--- What to produce ---
Copy out exactly the lines from the one with "French Connection faux" through the last line of the listing below, both included, but none of the pictures.

--- Provided material ---
================================

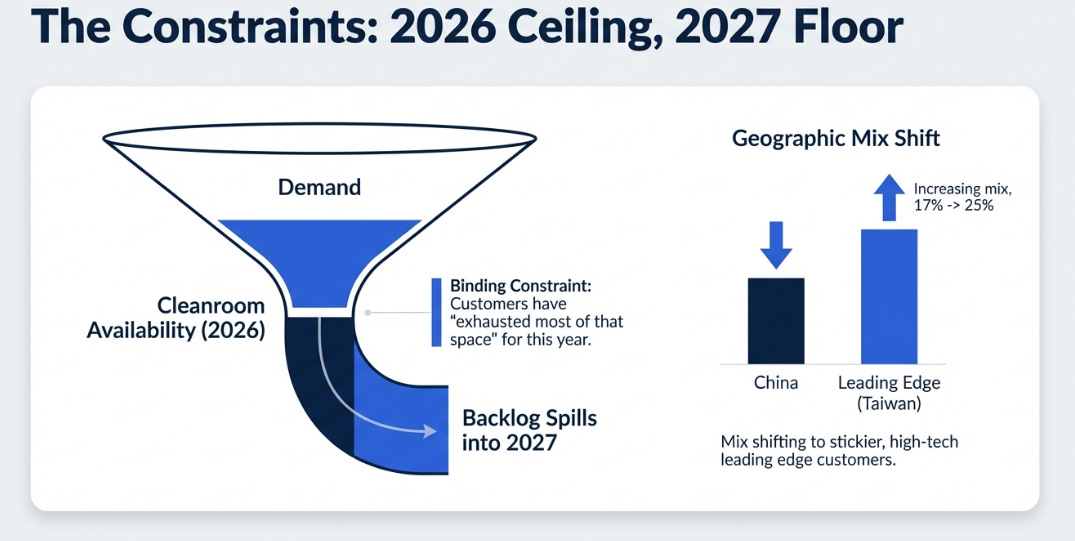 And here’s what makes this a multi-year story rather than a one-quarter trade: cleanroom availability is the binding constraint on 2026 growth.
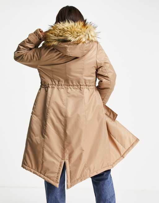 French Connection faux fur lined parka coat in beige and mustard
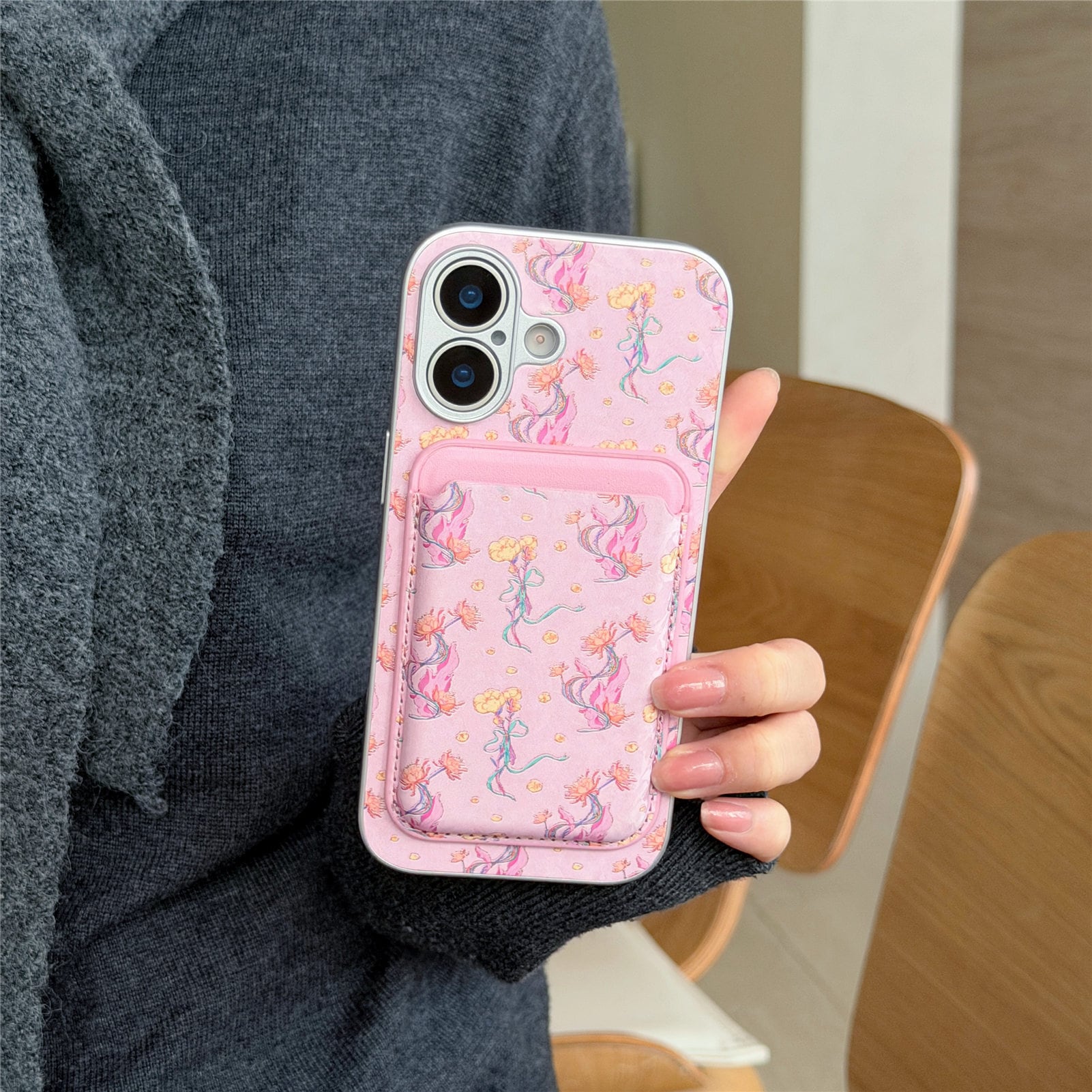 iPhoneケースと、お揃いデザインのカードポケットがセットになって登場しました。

================================

--- Task response ---
 French Connection faux fur lined parka coat in beige and mustard
 iPhoneケースと、お揃いデザインのカードポケットがセットになって登場しました。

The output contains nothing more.